Троян склонился к ее уху и промурлыкал:
– У меня бы все успевала.
Он давно, настойчиво звал ее к себе, в БФМ – в НИИ биохимии и физиологии микроорганизмов. После ординатуры и защиты кандидатской она проработала там два года и ушла сюда, в МИЭМЗ, в «Болото», то есть в Московский институт эпидемиологии и микробиологии им. Д. К. Заболотного.
«Болото» считался непрестижным, перспективы для научного роста открывал слабенькие, оборудования постоянно не хватало, зато не было тотального контроля вышестоящих инстанций, интриг, подсиживаний, стукачества. А главное, только в «Болоте» у Нади появилась возможность много ездить, работать в очагах эпидемий, сначала в СССР, потом за границей.
– Ну, иди, иди ко мне под крылышко! – соблазнял Лев Аркадьевич тихим сладким голосом.
Она отлично понимала: он не назовет ни отдел, ни лабораторию, ни должность. Узнать все это она могла бы лишь после того, как согласится на его предложение, пройдет через систему фильтров и даст подписку о неразглашении.
Четыре года назад БФМ стал частью закрытой сверхсекретной структуры «Биопрепарат» при Министерстве обороны и в официальных документах именовался «почтовым ящиком» под кодовым номером. Надя ушла очень вовремя, а то стала бы невыездной на всю оставшуюся жизнь, да и занимались они там теперь черт знает чем.
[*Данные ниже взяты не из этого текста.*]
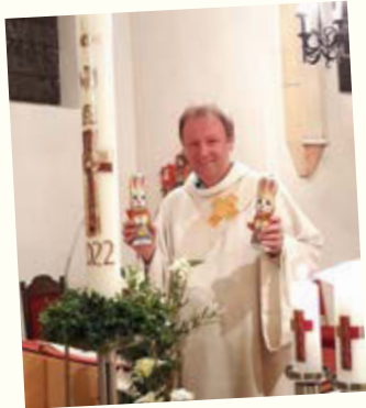
Der Osterhase kommt
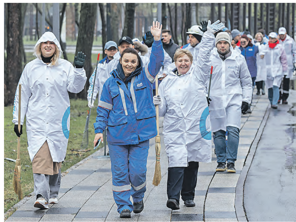
19 апреля. Прошедший субботник превратился для волонтеров Московского нефтеперерабатывающего завода в настоящий праздник

зуют технику, чтобы помыть не только фундамент памятников, но и сами памятники. Их тщательно намыливают: активно трут щетками и используют кисточки, чтобы добраться до самых труднодоступных мест и очистить мелкие детали. После этого сооружение оставляют на 10–15 минут, чтобы раствор, который используют при уборке, развел утрамбованную пыль и грязь. А потом памятник «купают», тщательно смывая с него всю пену. В среднем на один памятник уходит около двух часов. В общей сложности в работах по благоустройству столицы принимают участие почти 500 тысяч сотрудников разных городских служб. Помогают им в уборке более 14 тысяч единиц коммунальной техники. О своем городе заботятся и простые москвичи. Чтобы дать им возможность поучаствовать в благоустройстве столицы, власти города организовали два субботника, которые прошли 13 и 20 апреля. Неравнодушным горожанам выдавали весь необходимый инвентарь: мусорные пакеты, грабли, метлы и перчатки. Поскольку проведение городских субботников в столице — это ежегодное мероприятие, в парках и скверах разных районов в них охотно участвовали местные жители,
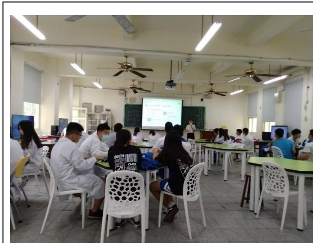
照片說明：下週授課說明
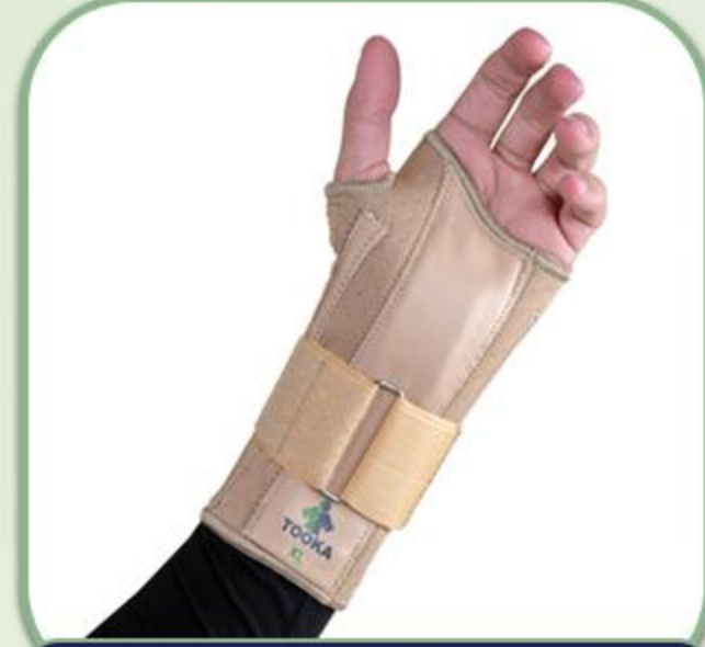
کوکاپ آمریکائی (مچ بند آتل دار)

– Лев Аркадьевич, я вас нежно люблю, – она улыбнулась, – рада бы в рай, да грехи не пускают.
– О чем ты, солнышко? – Он развернул ее за плечи к себе лицом. – Какие у тебя грехи?
– Есть грешок. Один, но для вашей сверхсекретной системы смертный. – Она привстала на цыпочки и прошептала ему на ухо: – «Пятый пункт».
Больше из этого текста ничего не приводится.